1 Mayıs…

Cem Karaca gelir aklıma 1 Mayıs denilince.

O söyledi ilk kez. Yani bir önce onun sesinden duydum.

Ruhi Su, Timur Selçuk, Selda ve Edip Akbayram da söyledi bu marşı.

“Günlerin getirdiği, baskı zulüm ve kandır” diye başladığında, insanın tüyleri diken diken olurdu.

1 Mayıs…. 1 Mayıısssss…. İşçinin emekçinin bayramı…. Devrimin şanlı yolunda ilerleyen halkların bayramıııı…..

Dostlar korosunun sesi geliyor sanki dağların arkasından.

“Yeter artık yattığınız, uyanın” mı diyor?

Der mi?

Duyan olur mu?

Bugün 1 Mayıs işçi bayramı.

Ve işçinin bayramında olmaması gereken huzursuzluk yine yine sahnelenecek mi?

Yine yasaklar.

Yine provokatif  olaylar.

İstenmeyen ve üzücü durumlar olacak mı?

Olmasın!

Bayram olsun bayram.

İşçinin ve emekçinin bayramı.

Coşku ile kutlansın.

Sevgi güvercinleri uçurularak, savrulup gitmesin bu ülkenin insanları.

Tam aksine sarılsın, sarılınsın sımsıkı.

**

Futbolda şampiyonun kim olacağı konuşulurken, bizim takım ise düşüp düşmeme mücadelesi veriyor.

Olur böyle şeyler!

Kimler yaşamıyor  böyle tehlikeli süreci.

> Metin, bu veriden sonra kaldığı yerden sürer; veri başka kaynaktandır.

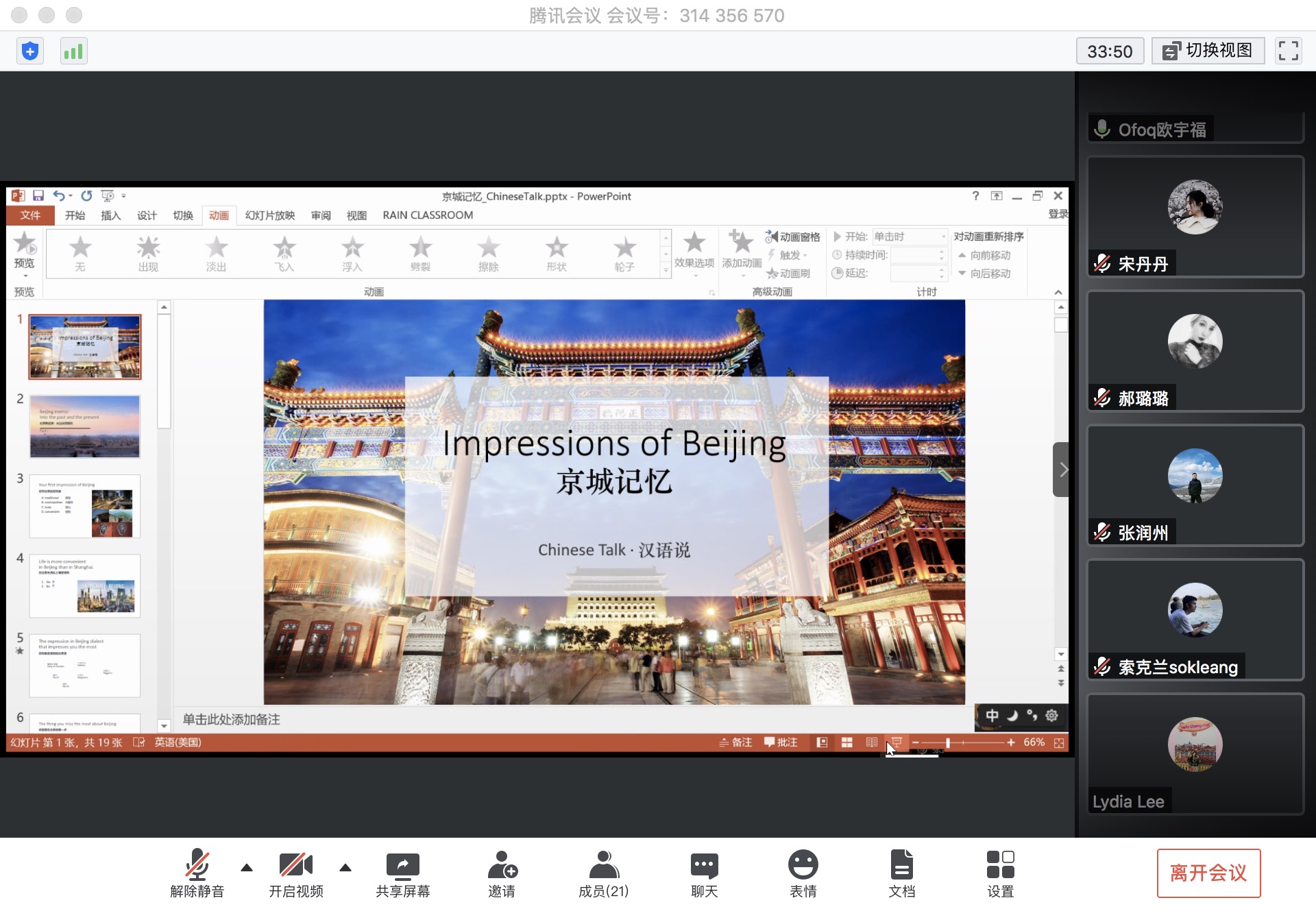 8xbet(中国)网5月29日电(通讯员 冯文欣)5月24日晚,“汉语说”工作坊之“京城印象(Impressionof Beijing)”专场在“云”上如期举行,本次活动吸引了来自6个院系、9个国家和地区的10余名国际生参加。在疫情防控时期,本学期的“汉语说”移步线上,通过网络搭建起了一座中外学生沟通交流的桥梁,保证中外学生跨文化交流“不断线”。

Ereğlililerin sözüyle “Olu molu a evlatcum telaşe yok” diyelim de, futbolda Ali Koç ile birlikte sürgün vermeye başlayan seviyenin en önemli isimlerinden birinin Trabzonspor Başkanı Ahmet Ağaoğlu olduğunu söylemek gerek.

Ağaoğlu’nun seviyesini  Ekrem İmamoğlu zirveye taşıdı.

Dikkat!

Futboldaki kalite seviye yükselişi  bulaştığı siyasette de böyle devam ederse, seviyeden yoksun ve gerilimli günlere veda etmeye hazırlık yapmaya başlayalım mı?

Ne şahane olur!

Yani; yeniden “Hayat Bayram Olsa” şarkıları çalınsın şu ülkede.

Yine yeni yeniden!

**

Işıklar içinde uyu:

“Benim böyle şeylere pek aklım ermez gardaş! Ama bu gapitalizmin çok şerefsiz bi şey olduğu besbelli.”